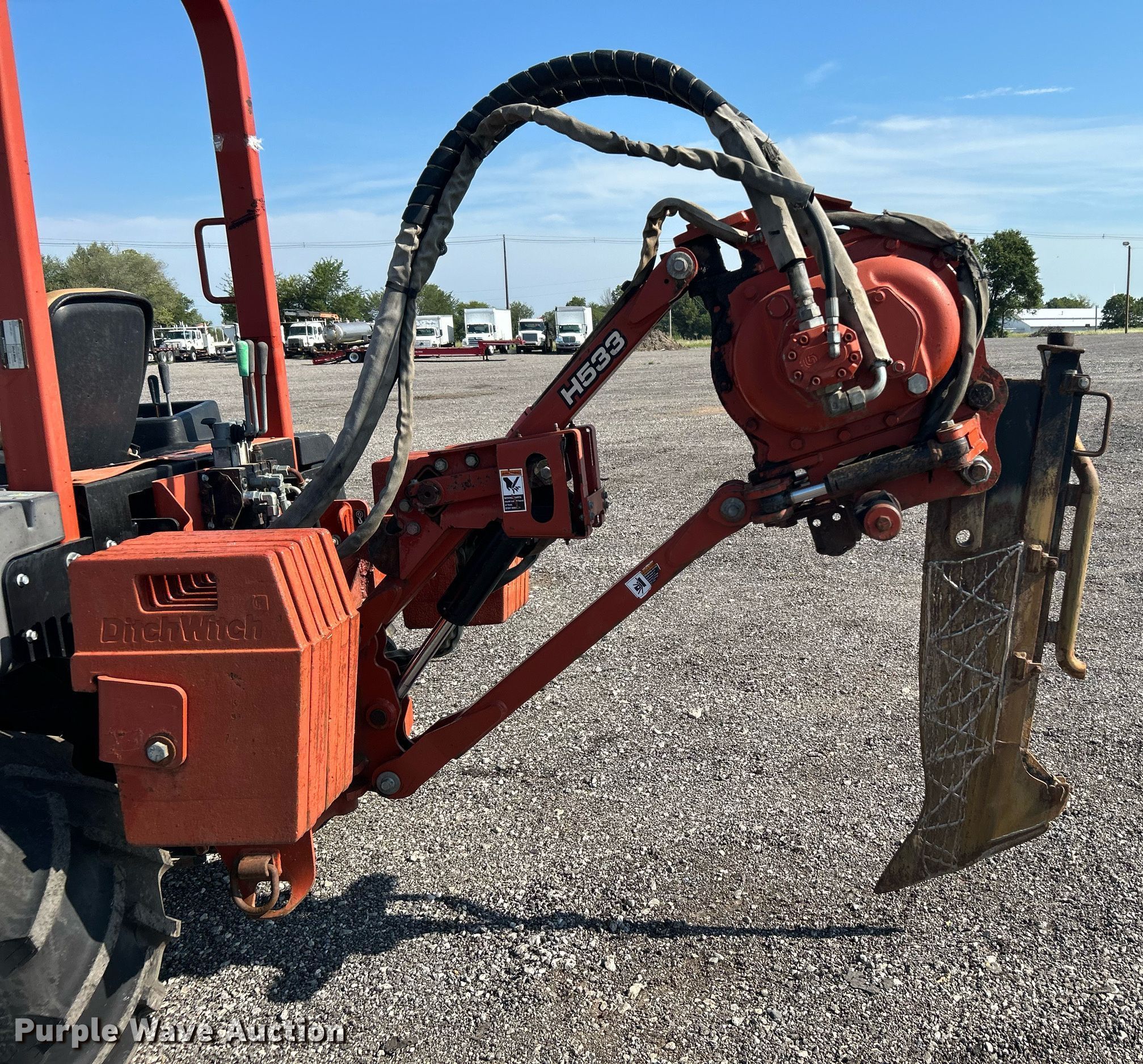 2005 Ditch Witch RT55H cable plow. Hours: 2,331 on meter, Serial: 5Z0918. Engine Cylinders: 4, Fuel type: Diesel. Transmission Hydrostatic, Four wheel drive. Operators station OROPS. Features Vibratory plow Model: H533, Serial: CMWH533XC50000004, Depth: 30", Backhoe Model: A523, Serial: CMWA523XL50000021, Bucket width: 12", Backfill blade Width: 71". Tires Size: 35x19.00-16.1 NHS. 15107 North 137th East Avenue. Collinsville, OK 74021
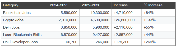 This has also been reflected in Google search statistics, said 1Inch, showing that Google search volume for “Blockchain jobs” grew 84% between 2024 and 2026.
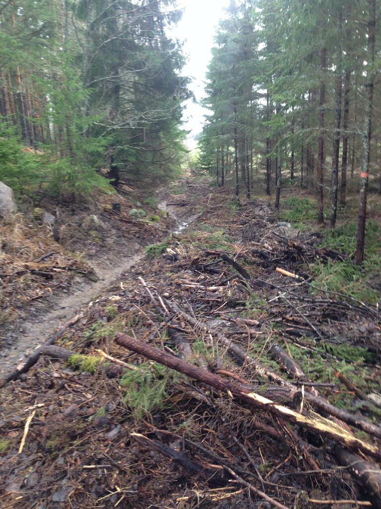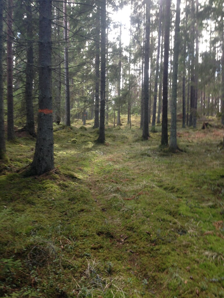Tyckte att kilometrarna tickade iväg fort och att jag borde kommit till Skiren-sjön för ett bra tag sedan. Till slut dök den upp och efter lite fin stig runt den så var det helt obanat, massor av kärrmark och en totalt ologisk markering av leden. Efter många om och men kom jag ut på en grusväg och konstaterade att leden måste vara en bra bit längre än de 36 km som anges överallt.
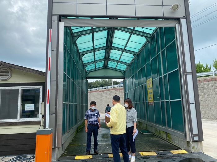10일 이미화 부군수는 의령군 용덕면 의합대로에 위치한 의령군 거점소독시설을 방문해 거점소독시설 운영실태 및 ASF 방역대책을 점검하고 철저한 방역대책수립을 주문했다.
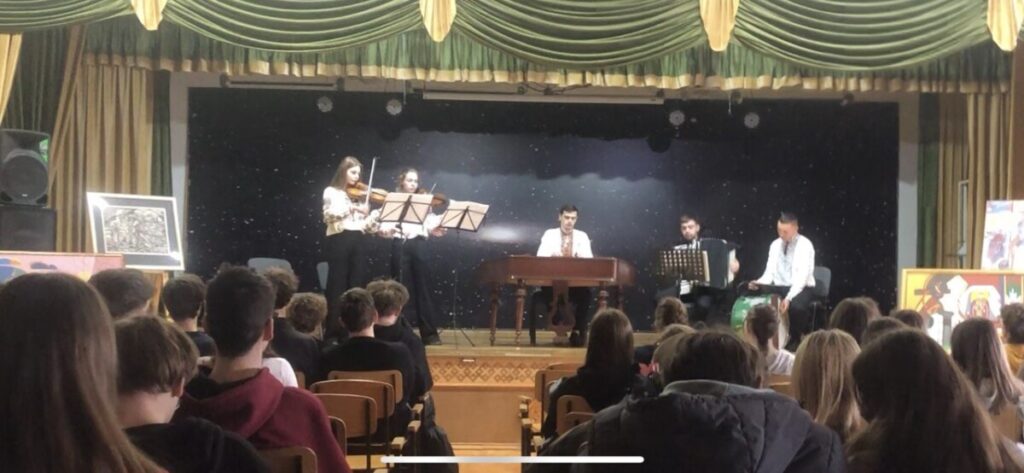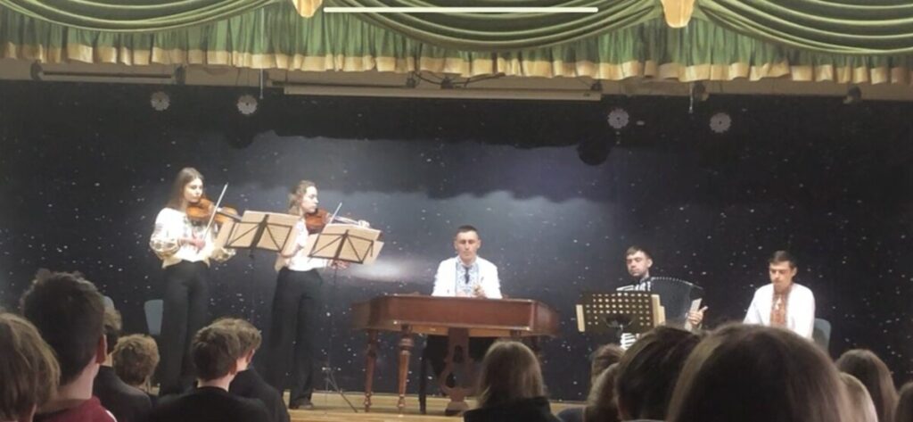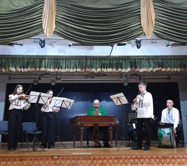 Особливої виразності події надав ведучий концерту — Богдан Васюта, який майстерно поєднав художнє слово з музикою, створивши цілісну атмосферу натхнення та емоційної єдності. Ансамбль виступив у складі: Дарії Михайлюк, Софії Литовчук – скрипки, Максима Ватамана – акордеон, Назара Фуштея – цимбали та ударні, Назарія Дідика – цимбали та ударні, Арсенія Гулянича – сопілка та керівника колективу, доц. Юрія Гулянича – цимбали.
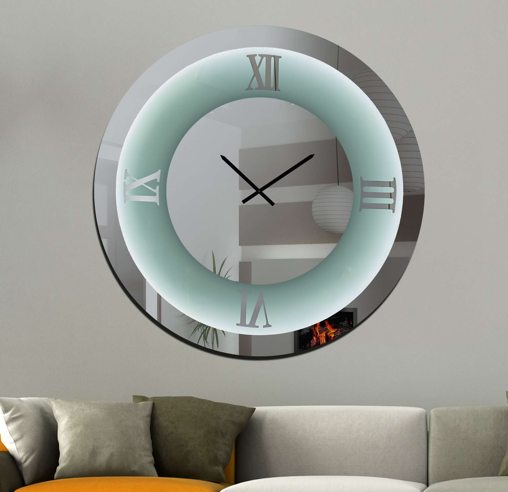 Καθρέφτης ρολόι με φωτισμό led, με αμμοβολή στα λατινικά νούμερα και χρώμα καθρέφτη φιμέ.
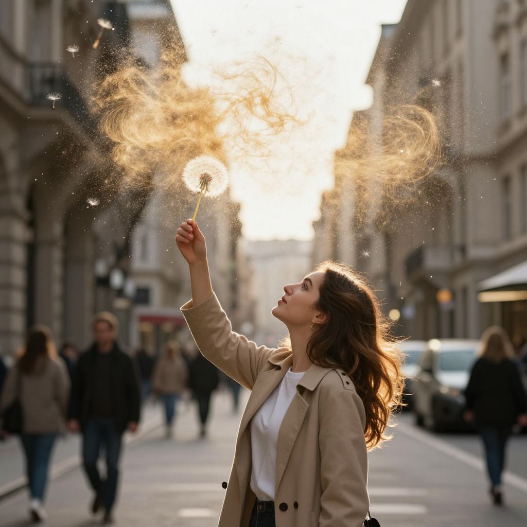 A woman in a bustling city street holds a dandelion whose seeds burst forth in a radiant, golden explosion, defying gravity as they swirl and shimmer like a living, ethereal cloud.
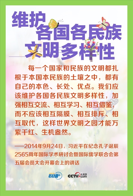 人類文明多樣性賦予這個世界姹紫嫣紅的色彩,多樣帶來交流,交流孕育融合,融合產(chǎn)生進(jìn)步。長期以來,習(xí)近平主席在不同場合多次倡導(dǎo)尊重世界文明多樣性,推動不同文明交流對話、和平共處、和諧共生。讓我們一起來學(xué)習(xí)。
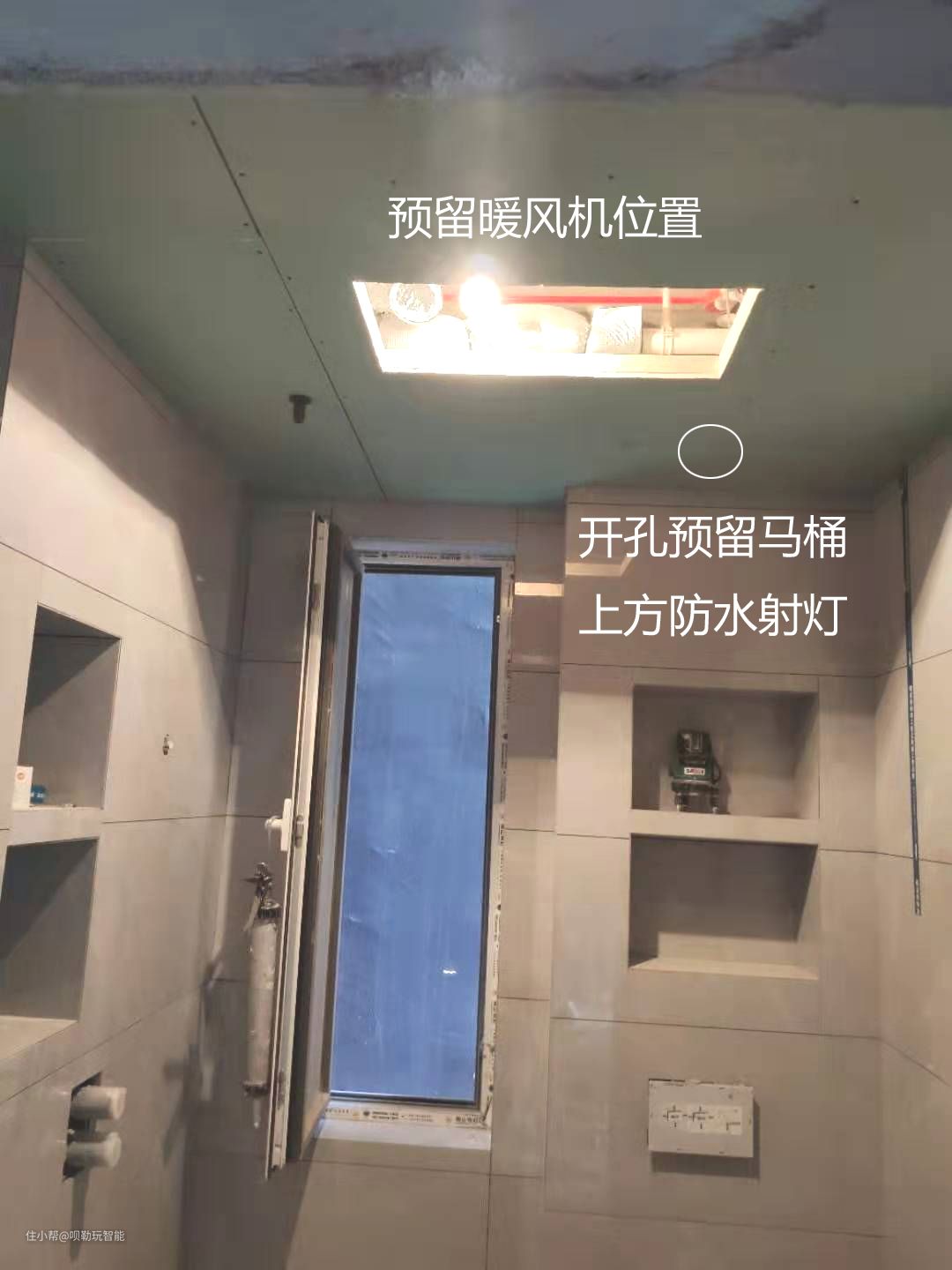 灯光:除了浴霸的灯光之外,还有智能除雾镜的镜前灯,在马桶和浴室柜的上方,还预留了2个射灯。
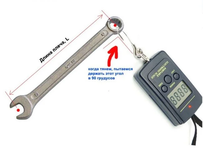 L — длина плеча (в см.), M — момент силы, F — сила воздействия (вес в кг)
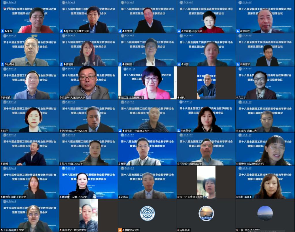 10月21日晚,全国理工院校英语类专业第三届院长/系主任联席会议在线上举行,18位来自全国各大高校的英语教学与研究专家、外语学院院长,围绕一流专业申报建设与评估、一流课程申报与建设及面向国际传播的翻译人才培养三个主题进行了深入广泛的交流与探讨。
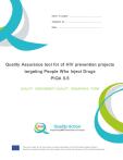 Name of project: ………………………………………….. Assessed by: ………..…………………………………….. Date: …………..……………………………………………… Quality Assurance tool for of HIV prevention projects targeting People Who Inject Drugs PIQA 0.6 QUALITY ASSESSMENT/QUALITY ASSURANCE FORM This work is part of the Joint Action on Improving Quality in HIV Prevention (Quality Action), which has received funding from the European Union within the framework of the Health Programme. COLOPHON Title: PIQA 0.6 Quality Assessment/Quality Assurance Form Authors: Annemiek Dorgelo, Dutch Institute for Improvement of Health Care and Health Promotion, CBO Cor Blom, Soa Aids Nederland With contributions from: Viveca Urwitz, Swedish Institute for Disease Control Marica Ferri, European Monitoring Centre for Drugs and Drug Addiction (EMCDDA) Anastasia Pharris, European Centre for Disease Control (ECDC) Katrin Prins-Schiffer, Eberhard Schatz, Correlation Network Acknowledgements: PIQA is built on the Health Promotion Effect Management Instrument Preffi 2.0. The owner of this instrument, CBO, had granted permission to Quality Action to use Preffi 2.0 for the purpose of developing PIQA. Publication date: March 2014 Financed by: PIQA is part of Quality Action (the Joint Action on Improving Quality in HIV prevention in Europe), which has received funding from the European Union within the framework of the Health Programme. Copyright: Quality Action, 2014 www.qualityaction.eu www.qualityaction.eu INTRODUCTION PIQA is a Quality Assurance tool for HIV prevention and health promotion projects targeted at People Who Inject Drugs(PWID). The tool consists of: A quality assessment/quality assurance form A user guide You are now reading the introduction to the quality assurance form. WHAT YOU NEED TO KNOW ABOUT PIQA The PIQA tool will help you to assure the quality of your HIV prevention (or health promotion) project(s) targeting PWID. You can use it to assess and receive feedback on the strong and weak points of your project. It will also help you to decide on steps to take to improve, and thus assure the quality of, your project. PIQA can be used for projects that are intended to prevent HIV, STI, Hepatitis, TB and other infections that are common among PWID. It can also be used for other health promotion projects targeting PWID and for quality assurance of the health promotion aspects of other PWID projects. PIQA can be used by those implementing the project, by project coordinators and by representatives from the target group who know about the project. PIQA is a self-assessment tool. It is most useful when it involves a range of people in the assessment process, including project team members, the target group and other key stakeholders. PIQA is based on evidence from research, practical experience and logic. The clusters and questions in the quality assessment form have been shown to be important for project success. For more general information please refer to the user guide. In this guide you will find: General and back ground information on PIQA Explanation of clusters and terms used Online references to information relevant for answering the questions in the quality assurance form www.qualityaction.eu www.qualityaction.eu USING PIQA Before you use the tool we advise you to: Read the user guide Have information about the project to hand Decide how and with whom you will do the assessment and organise the assessment process After using the tool we advise you to: Formulate an action plan Involve stakeholders in realising this action plan Repeat the assessment process USING THE QUALITY ASSESSMENT/QUALITY ASSURANCE FORM First fill in the name of the project, the names of the people who assessed the project, and the date of the assessment. Assessment questions: You can indicate if you think your project is strong, moderate or weak on the item the question asks for by colouring the box green for strong, orange for moderate and red for weak. If you do not understand any part of the question, see Chapter 3 of the user guide for explanations. If you do not have the information to answer the questions, see Chapter 3 of the user guide for references to information and examples. If you are not able to assess a question or you think it is irrelevant, you can tick the relevant box. www.qualityaction.eu www.qualityaction.eu Overall assessment of cluster: If you have assessed all the questions in a cluster, you can assess the quality of the cluster as a whole. You do this by assessing whether the questions in the cluster are mostly assessed as strong (lots of green boxes), mostly moderate (lots of orange boxes), or mostly weak (lots of red boxes). Colour the box Overall Assessment of cluster green for strong, orange for moderate or red for weak. Explanation of assessment per cluster: Use this box to explain the assessment i.e. why you think the question in this cluster should be assessed strong, moderate or weak. This makes it possible for others to understand the rationale for your assessment. Points of improvement: Use this box to formulate up to a maximum of five points for improvements on the questions which are assessed weak (red) or moderate (orange). Start with the questions assessed weak (red). Prioritised actions: Use this box to formulate and prioritise three actions for improvement of the project, taking into consideration urgency, capacity and budget. Look at all the points for improvement you identified and start by prioritising the actions that should be taken in the short term. www.qualityaction.eu www.qualityaction.eu Overall assessment of project: If you have assessed all the clusters, you can assess the quality of the project as a whole. Transfer the overall assessments for each cluster to Part 9 of the tool. Then look at the overall impression. Is the project assessed as mostly strong (lots of green boxes), mostly moderate (lots of orange boxes), o
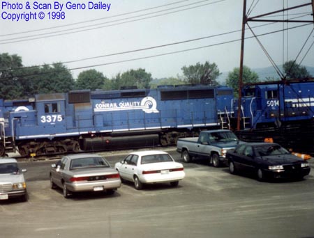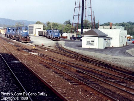 In Gang Mills, just west of Corning, is a small switching yard and engine service facility. For the railfan, this provided some great views of various pieces of Conrail power as well as some track maintenance equipment. |
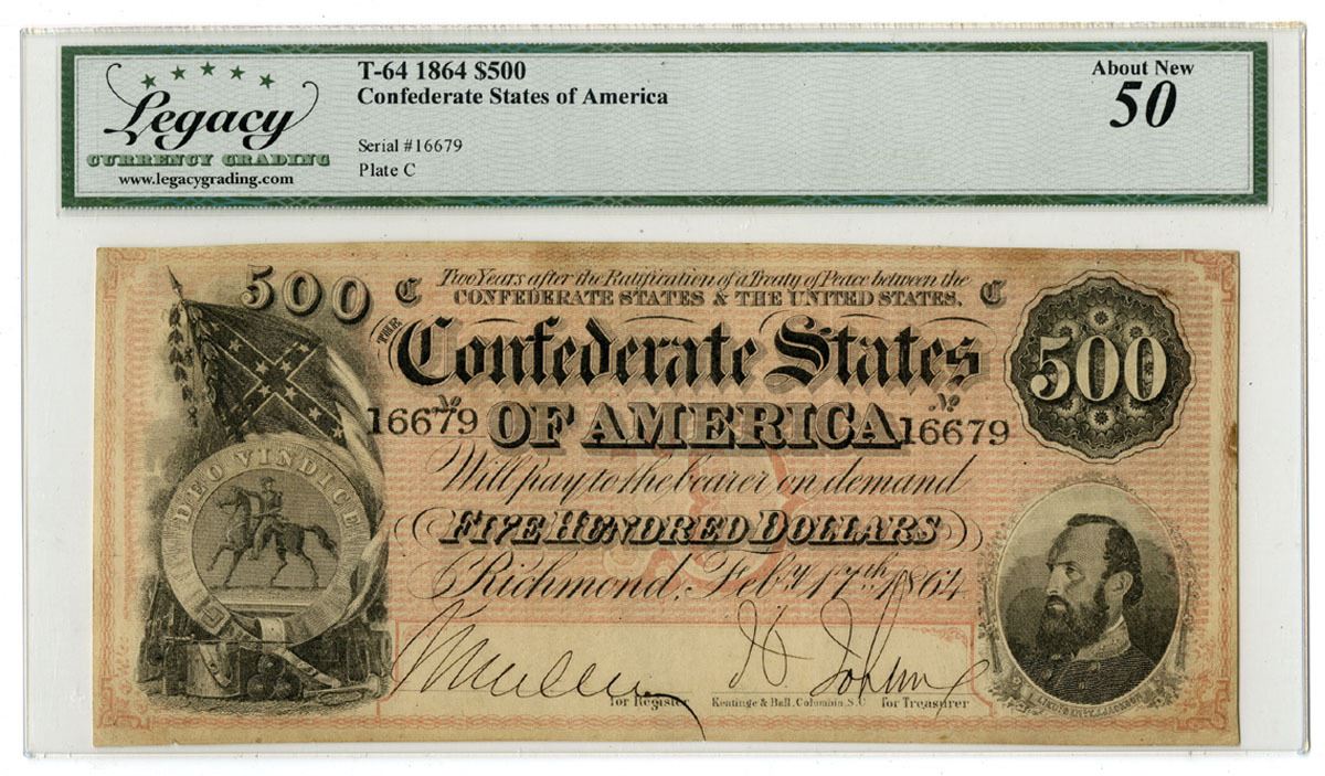 Richmond, Virginia, February 17, 1864. $500, T-64, SL#73, P-73, I/U Banknote, Black with red underprint, Confederate seal with equestrian statue of George Washington at left and portrait of Gen. Stonewall Jackson at right, S/N 16679 pp C, Legacy graded About New 50 with comments "Small Edge Tears; Mounting Remnants on Back; Small Stain at Right Edge," K&B.
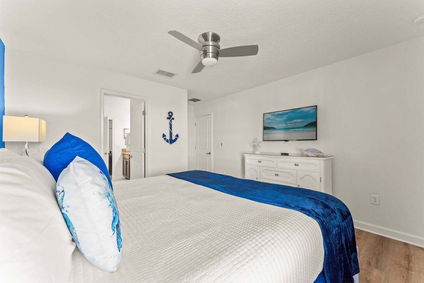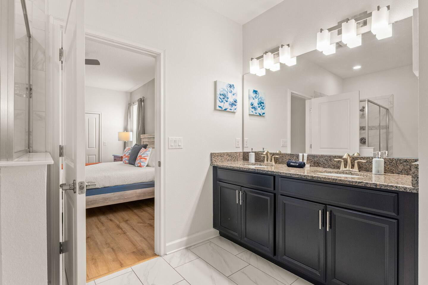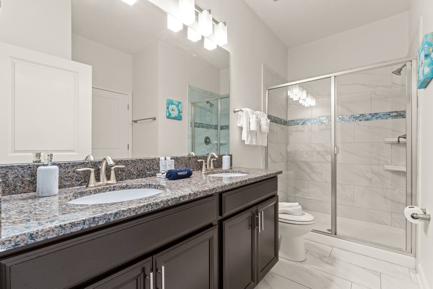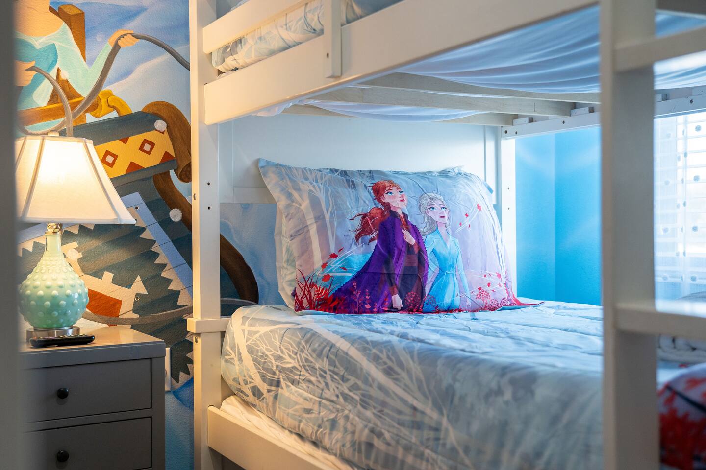 ✨ Prime Location • Approximately 8–12 miles to Walt Disney World Resort (about 15–20 minutes) • Minutes to Universal Studios, SeaWorld, and local dining, shopping & entertainment • Easy access to I-4, Orlando Airport ~30 miles away ☆☆ Bedrooms & Bathrooms ☆☆ This spacious villa comfortably sleeps 18 with 8 bedrooms and 5 full bathrooms. ★ Main Floor Masters ★ Perfect for guests who prefer single-story accommodations: Bedroom 1: Bright, coastal-inspired décor, king-sized bed, wall-mounted Smart TV, and private ensuite bathroom Bedroom 2: Vibrant room with bold orange accents, rustic wood-framed king bed, wall-mounted Smart TV, private ensuite bathroom, and direct access to the pool deck. ★ Second Floor Bedrooms ★ Six additional rooms offering flexibility for families and themed fun: Bedroom 3: Beach-inspired, king-sized bed, arched headboard, soft blue accents, coastal décor, wood flooring. Bedroom 4: Marvel-themed, two twin beds, superhero murals, character bedding, shares a Jack-and-Jill bathroom with Bedroom 5. Bedroom 5: Frozen-themed, two twin-over-twin bunk beds (sleeps 4), vibrant wall murals, character bedding. Bedroom 6: King-sized bed with white statement headboard, plush bedding, sea turtle-themed pillows, deep blue velvet throw, patterned curtains. Bedroom 7: Elegant bedroom with classic black wood arched king bed, spacious and comfortable. Bedroom 8: Bright coastal-themed, king-sized bed, studded headboard, soft blue and white tones with turquoise accents, dual windows, wood flooring. All bedrooms feature comfortable beds, ample storage, and flat-screen TVs. Bathrooms are stocked with plush towels and travel-size essentials. ☆☆ Gourmet Kitchen & Living Spaces ☆☆ The fully equipped kitchen features stainless steel appliances, granite countertops, and everything you need to prepare meals for large groups, from breakfast before the parks to family dinners at night. • Kitchen island seating + formal dining area • Open-concept layout flows into the main living room with a large smart TV! ☆☆ ENTERTAINMENT for All Ages ☆☆ • Converted garage game room featuring air hockey, foosball, two gaming stations with Xbox and PlayStation, pedestal gaming chairs, and bold Transformers-themed wall murals. • Upstairs, you’ll find a game loft with a pool table, cozy seating and TV — a great shared space between the bedrooms for family hangouts and friendly competition. • Plenty of spaces to relax, play games, watch movies, or simply unwind after a full day at the parks. ☆☆ OUTSIDE SPACE ☆☆ Step outside to your private screened-in lanai, featuring: • Heated private pool and spa with safety fencing • Sun loungers, outdoor seating, and dining area, perfect for grilling and relaxing under Florida skies. • A safe and fun outdoor space for kids and adults alike. • Pool heat set at 80 degrees (May–Sept) and 83 degrees (Oct – April) is included in your reservation, higher temperature can be provided for an additional cost. ★☆☆ ChampionsGate Resort Amenities ☆☆★ As guests of this home, you’ll have access to ChampionsGate’s Oasis Clubhouse amenities just walking distance away: ☀ Resort-style pool with lazy river & water slides ☀ Splash pad & children’s play areas ☀ Fitness center ☀ Tiki bar, restaurant, cabanas ☀ Arcade, movie theater, sports courts & more ☀ 24-hour gated security

### Task to complete
From the data above, retype only the lines starting with the line with "Καθρέφτης ρολόι με" and going on through the line with "10月21日晚,全国理工院校", exactly, leaving out the pictures.

### Response to the task
 Καθρέφτης ρολόι με φωτισμό led, με αμμοβολή στα λατινικά νούμερα και χρώμα καθρέφτη φιμέ.
 A woman in a bustling city street holds a dandelion whose seeds burst forth in a radiant, golden explosion, defying gravity as they swirl and shimmer like a living, ethereal cloud.
 人類文明多樣性賦予這個世界姹紫嫣紅的色彩,多樣帶來交流,交流孕育融合,融合產(chǎn)生進(jìn)步。長期以來,習(xí)近平主席在不同場合多次倡導(dǎo)尊重世界文明多樣性,推動不同文明交流對話、和平共處、和諧共生。讓我們一起來學(xué)習(xí)。
 灯光:除了浴霸的灯光之外,还有智能除雾镜的镜前灯,在马桶和浴室柜的上方,还预留了2个射灯。
 L — длина плеча (в см.), M — момент силы, F — сила воздействия (вес в кг)
 10月21日晚,全国理工院校英语类专业第三届院长/系主任联席会议在线上举行,18位来自全国各大高校的英语教学与研究专家、外语学院院长,围绕一流专业申报建设与评估、一流课程申报与建设及面向国际传播的翻译人才培养三个主题进行了深入广泛的交流与探讨。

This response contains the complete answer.